La Banque populaire des Alpes condamnée pour mauvais conseil à un client

La Banque populaire des Alpes a été condamnée pour mauvais conseil à un client et elle devra indemniser ce client !

C’est la cour d’appel de Grenoble qui a rendu ce jugement. La Banque populaire des Alpes (BPA) devra indemniser un de ses clients qui avait acheté des actions Natixis et perdu beaucoup d’argent à cause de la baisse de ces valeurs.

L’arrêt de la cour d’appel (du 17 décembre) confirme un premier jugement du tribunal d’instance de Grenoble datant de septembre 2011.

L’affaire date de décembre 2006 et d’ août 2007 quand Bruno Pieraccini, un apiculteur ardéchois,  avait acheté  pour 10290 euros + de 600 actions de la banque d’affaires de la BPCE.

jugement contre la BPA pour actions natixisA l’époque des centaines de milliers de français achètent des actions Natixis, proposées dans le réseau des Banques populaires et des Caisses d’épargne du groupe BPCE, à l’occasion de l’introduction en bourse de la banque.

La chute de Natixis 2 ans plus tard fait passer l’action à moins d’1 euro en 2009 contre 19,55 fin 2006.

L’apiculteur revend ses actions début 2010 avec une perte de 8292 euros sur les 10290 euros investis.

La Cour d’appel de Grenoble a estimé que la BPA avait « manqué à ses obligations d’information, de conseil et de loyauté » envers son client, et qu’elle devra l’indemniser de 5800 euros.

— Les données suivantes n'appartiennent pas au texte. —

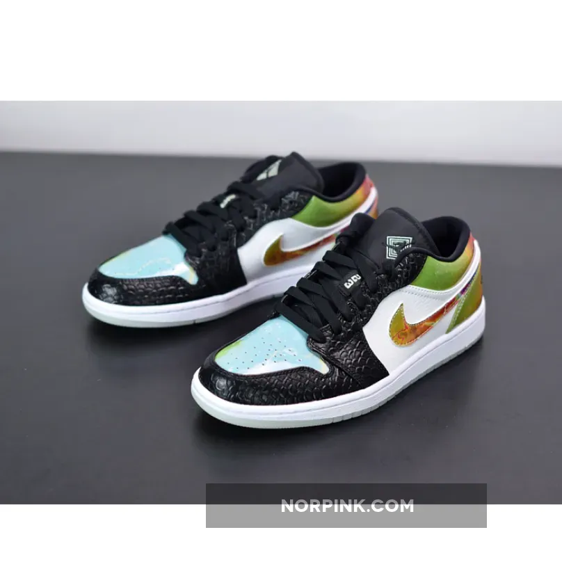 “I’m super hyped about the Air Jordan 1 Low ‘Galaxy’ – the black snakeskin overlay is fire, the turquoise graphic is fresh, and the galaxy print on the Swoosh is on point. Love the glow-in-the-dark outsole, solid choice for sneakerheads who want to slay the streets!” – Jordan23 ICON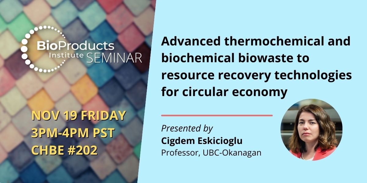 Join us to learn about the potential of converting municipal and industrial biowaste to high value bioproducts! Prof. Cigdem Eskicioglu, Leader of the UBC Bioreactor Technology Group at UBC Okanagan, will highlight her innovative research on biomass conversion, and recovery and utilization.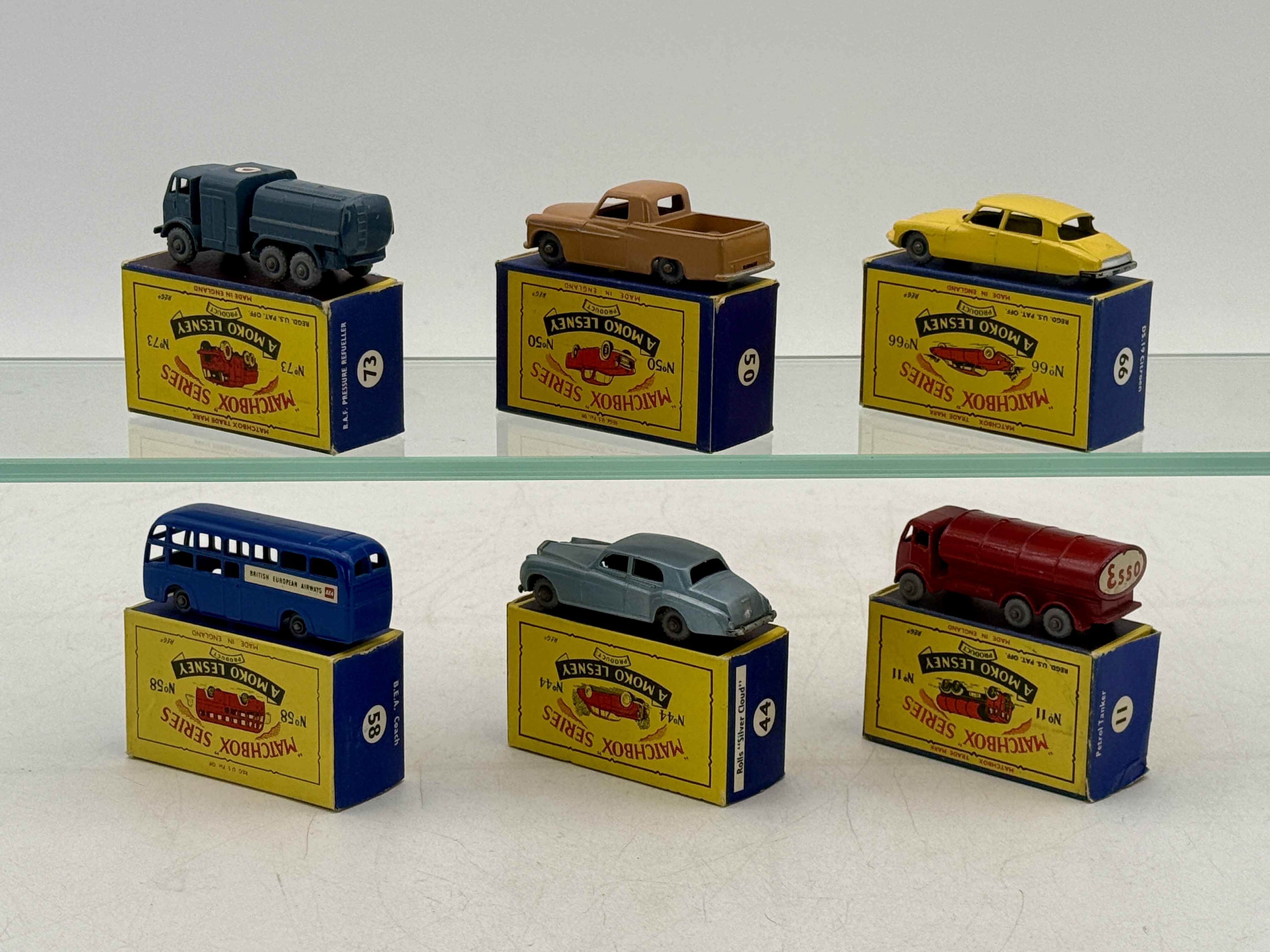 A collection of six Matchbox Series die-cast vehicles, 73A1 pressure refueler, 50A3 commer pick up, 60A1 citroen, 58A2 BEA bus, 44A2 Rolls-Royce, 11B3 Road tanker OB’s C8-9
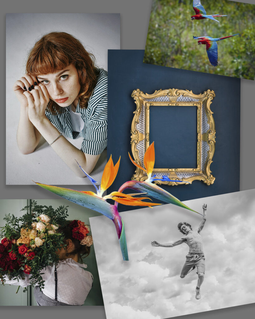 クラシックな額縁から飛び出す人物と鳥、そして目力のある女性のコラージュです。新しい物語が幕を開ける前のワンシーンのように作り込みました。

L’apiculteur n’était pas « un investisseur qualifié » et la BPA se voit reprochée de ne pas avoir « attiré son attention sur les risques que comportaient les opérations envisagées » et de ne pas lui « avoir expliqué le conflit d’intérêts » résultant de l’acquisition des actions, puisque la BPA est « actionnaire majoritaire de la société Natixis et avait un intérêt majeur à la souscription massive des actions litigieuses ».

Pour la BPCE, « l’arrêt peut faire l’objet d’un pourvoi en cassation, qui n’est pas exclu ». Il s’agit « d’une décision isolée », a déclaré à l’AFP une porte-parole du groupe précisant que « dans les cas comparables déjà jugés, les clients n’ont pas obtenu gain de cause ».

D’après la BPCE, seule « une quinzaine de procédures comparables » auraient été engagées.

C’est la première fois qu’une banque est aussi sévèrement condamnée pour un conflit d’intérêts et un mauvais conseil.

Les associations de petits porteurs Adam et Deminor et 21 actionnaires ont aussi saisi  les tribunaux sur le plan pénal.